L’auteur nous livre le récit détaillé des tractations, manœuvres et abdications qui émaillèrent la vie mouvementée de la presse française depuis 1944 et entérinèrent progressivement la perte de souveraineté des éditeurs, la paupérisation des rédactions et la mystification comme méthode de communication de l’ensemble de la profession.

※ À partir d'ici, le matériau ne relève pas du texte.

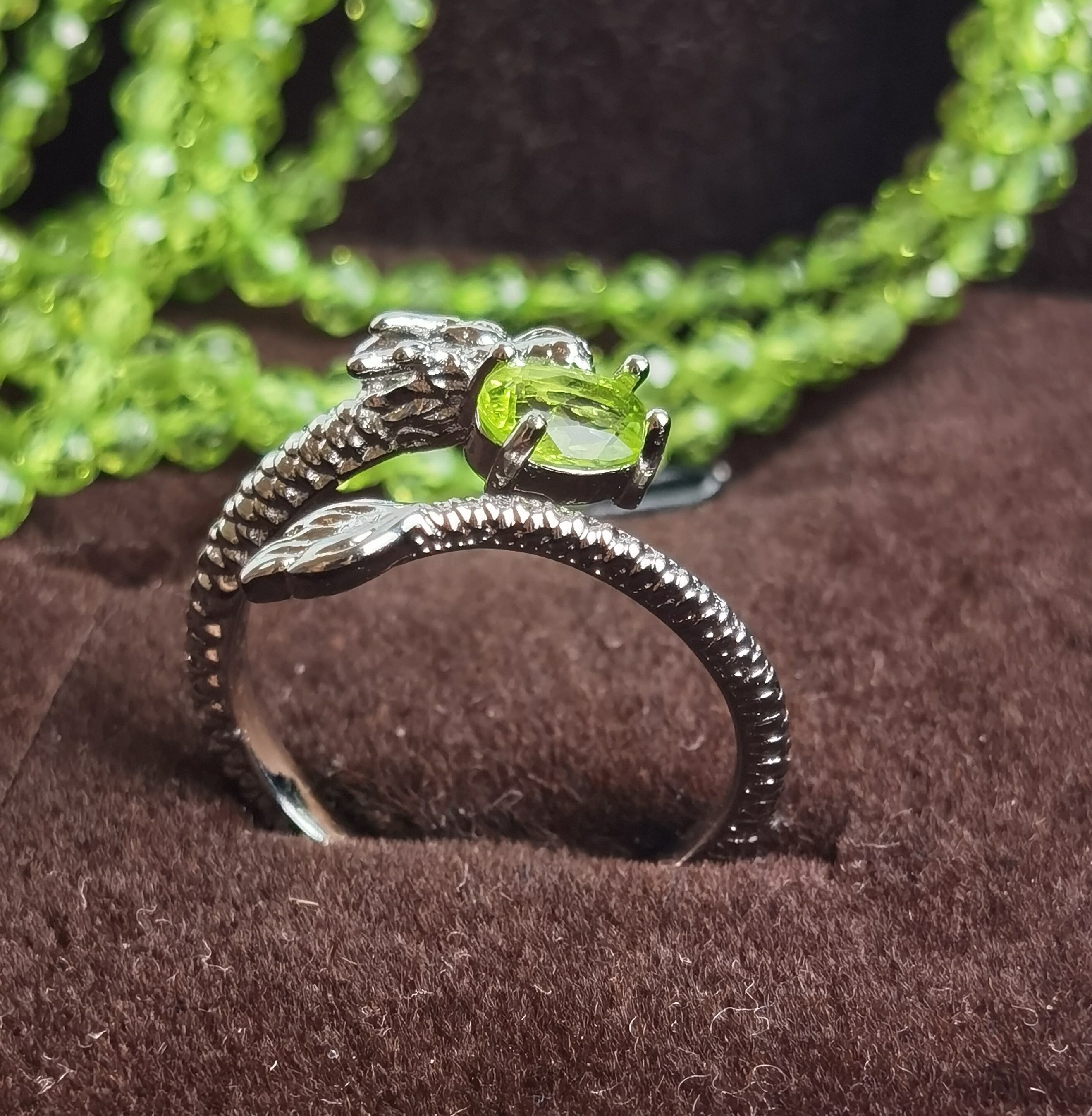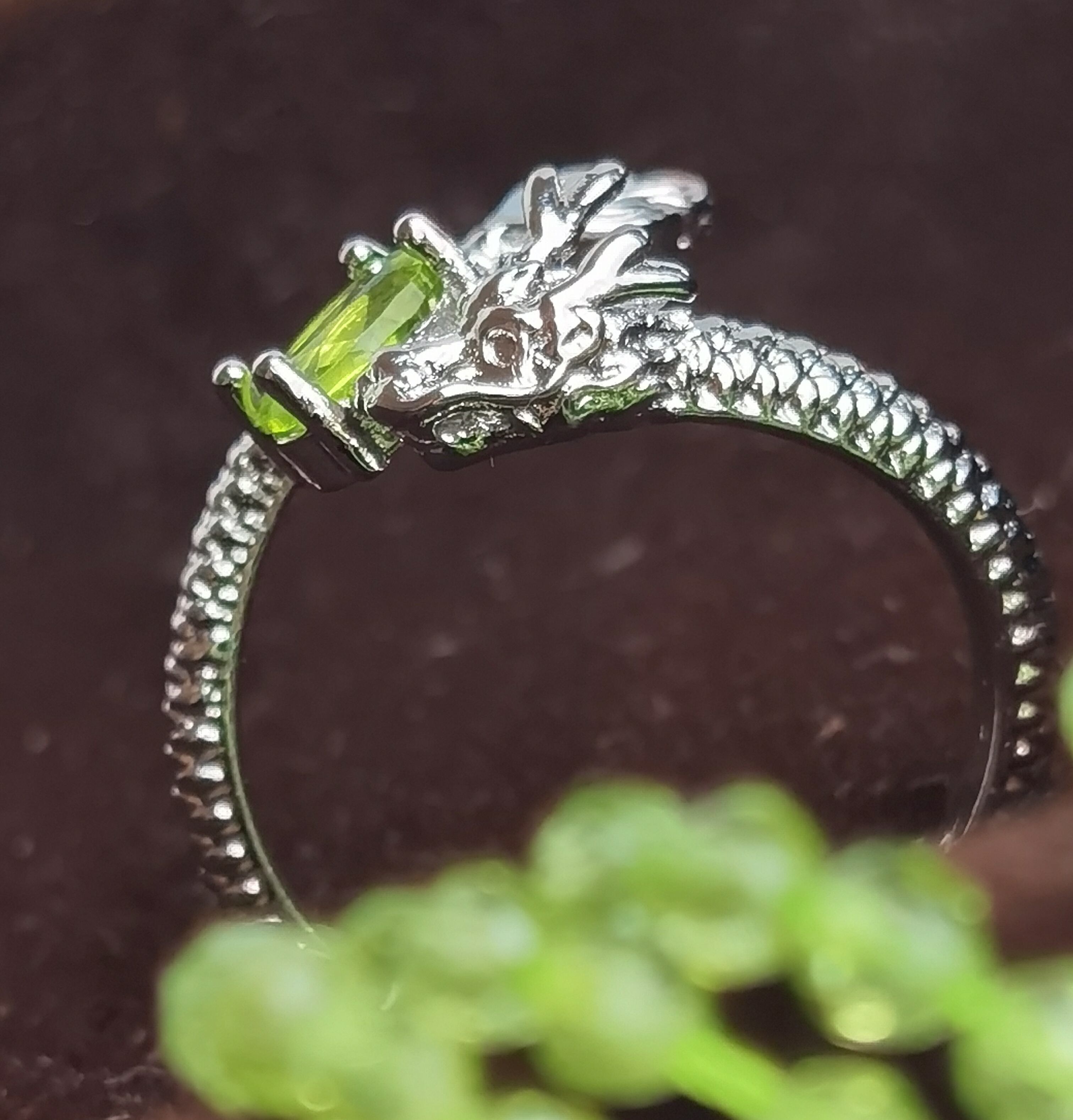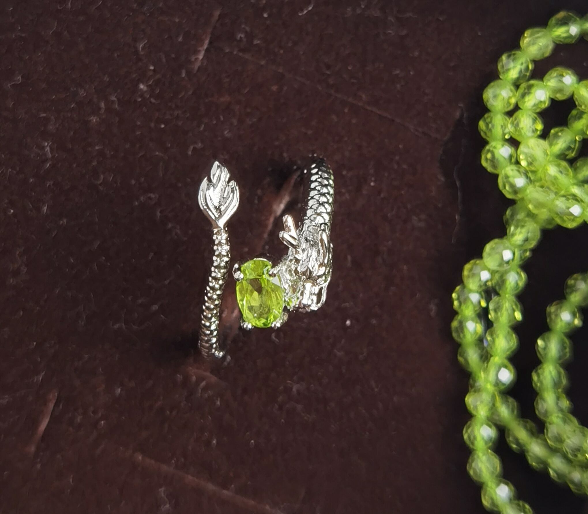 --☆洗練されたデザインで「龍」という干支を象徴しています。中央にセットされたペリドットは、鮮やかな緑色が特徴で、生命力と繁栄の象徴です。リングの龍は細かいスケールのディテールが施され、ダイナミックでありながら優美な印象を与えます。龍は力強さや幸運を呼ぶとされており、ペリドットのクリアな緑は持ち主に平和と富をもたらすとも言われています。この組み合わせは、見る人の目を引き、身につける人に自信と魅力を与えるでしょう。

Ayant eu accès à quantité de documents très confidentiels, l’auteur dévoile la terrible réalité des vrais chiffres : salaires des rotativistes, coût réel des plans de licenciement, tirages, ventes en kiosque, abonnements, exemplaires gratuits, exemplaires "tombés du camion", chiffres d’affaires publicitaires "nets", c’est-à-dire réellement encaissés... Quand le groupe Springer renonce à lancer une édition française de Bild, comment ne pas y voir la preuve qu’il y a quelque chose de pourri au royaume de la presse quotidienne française ?

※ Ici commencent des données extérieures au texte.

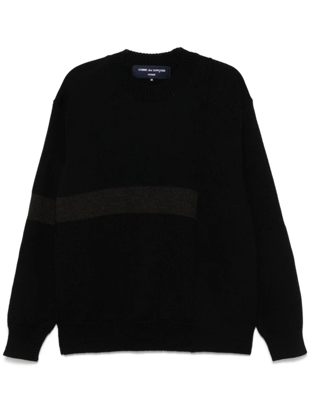 ribbed-knit sweater Highlights - Black - Wool blend - Ribbed knit - Crew neck - Drop shoulder - Long sleeves - Stripe detailing - Straight hem Imported Composition Wool 97%, Polyester 3% SIZE & FIT Model measurements Height 6 ft 1 in(1.85 m) Bust/Chest 35.82 in(91 cm) Hips 37.79 in(96 cm) Waist 29.13 in(74 cm) FittingInformation Designed to be unstructured, offering a loose fit throughout The ribbed hem offers a close, comfortable fit Made with a midweight knit, this piece offers some stretch
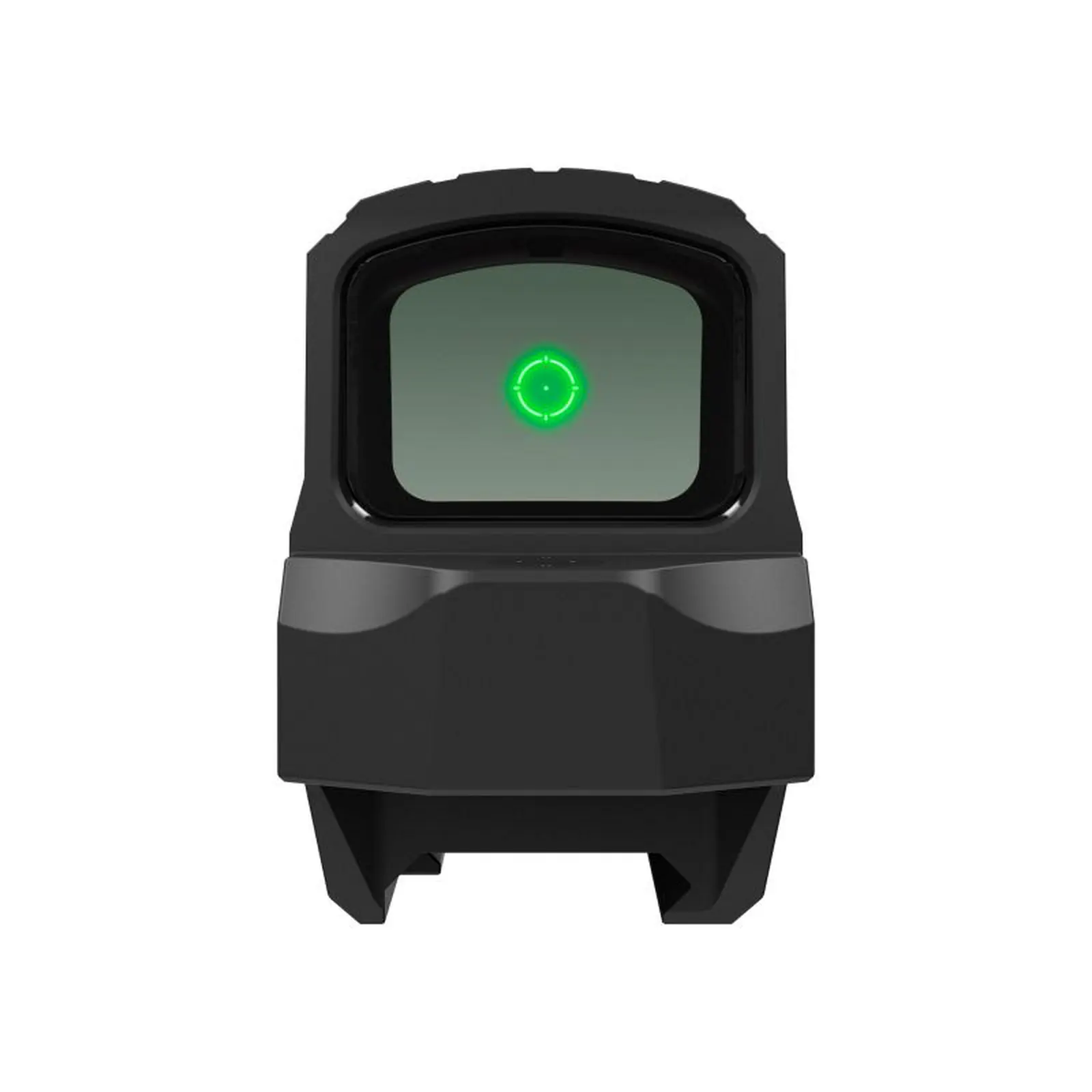 Masz przełączany system siatek MRS: punkt 2 MOA, okrąg 65 MOA albo układ łączony (okrąg + punkt). Przełączanie pozwala dopasować obraz do stylu strzelania i dystansu. Siatka ma kolor zielony.

(Présentation de l’éditeur)
Ainsi apprend-on que, bien malgré eux,
les quotidiens français alimentaient en papier les journaux de Fidel Castro. Des ouvriers du Livre détournaient tranquillement 200 tonnes par mois (soit 5 % du volume traité) afin d'aider la presse castriste à survivre. Quand le pot aux roses est découvert, en 1987, Robert Hersant, alors patron de la Socpresse, préfère fermer les yeux sur ce larcin. Mieux vaut aider Castro que risquer la grève...
« Spéciale dernière » (paru chez Calmann-Lévy) révèle également la découverte, fin 1991, par la direction des NMPP, (Nouvelles Messageries de la Presse Parisienne) d'une
cache d'armes de 5 000 fusils dans l'un des hangars de Saint-Ouen. La vente de ces armes, détournées lors de la faillite de Manufrance, en 1980, devait aider les ouvriers sans emploi. En fait, elles ont été clandestinement stockées au sein même des NMPP en attendant sagement l'hypothétique « Grand Soir »... « La direction des NMPP alerte la justice mais s'abstient de porter plainte », raconte Emmanuel Schwartzenberg. De nouveau, le scandale est étouffé, le gouvernement socialiste négociant directement avec la CGT.

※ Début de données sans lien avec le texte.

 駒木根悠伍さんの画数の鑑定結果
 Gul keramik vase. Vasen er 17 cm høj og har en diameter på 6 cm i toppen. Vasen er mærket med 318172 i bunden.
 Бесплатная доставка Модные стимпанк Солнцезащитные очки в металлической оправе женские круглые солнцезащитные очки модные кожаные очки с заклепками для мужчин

Principale thèse de l'auteur : le monopole du Livre sur les imprimeries (accordé en 1944) a surenchéri le coût des journaux.
Un rotativiste de base toucherait ainsi 4500 euros bruts (sans les heures sup), un cadre rotativiste 7000 euros... On comprend que les coûts de distribution représentent 40 % du prix de vente....
« Sans la carte de la CGT , écrit encore Emmanuel Schwartzenberg, il est impossible de devenir ouvrier dans une entreprise de presse quotidienne, et ces qualités-là,
on se les transmet de père en fils. » « Spéciale dernière » va faire du bruit !
Emmanuel Schwartzenberg, journaliste économique et politique, est un des spécialistes français des médias. II a dirigé pendant presque dix ans la page Médias-Publicité du Figaro et a créé l’émission "La Vie des médias".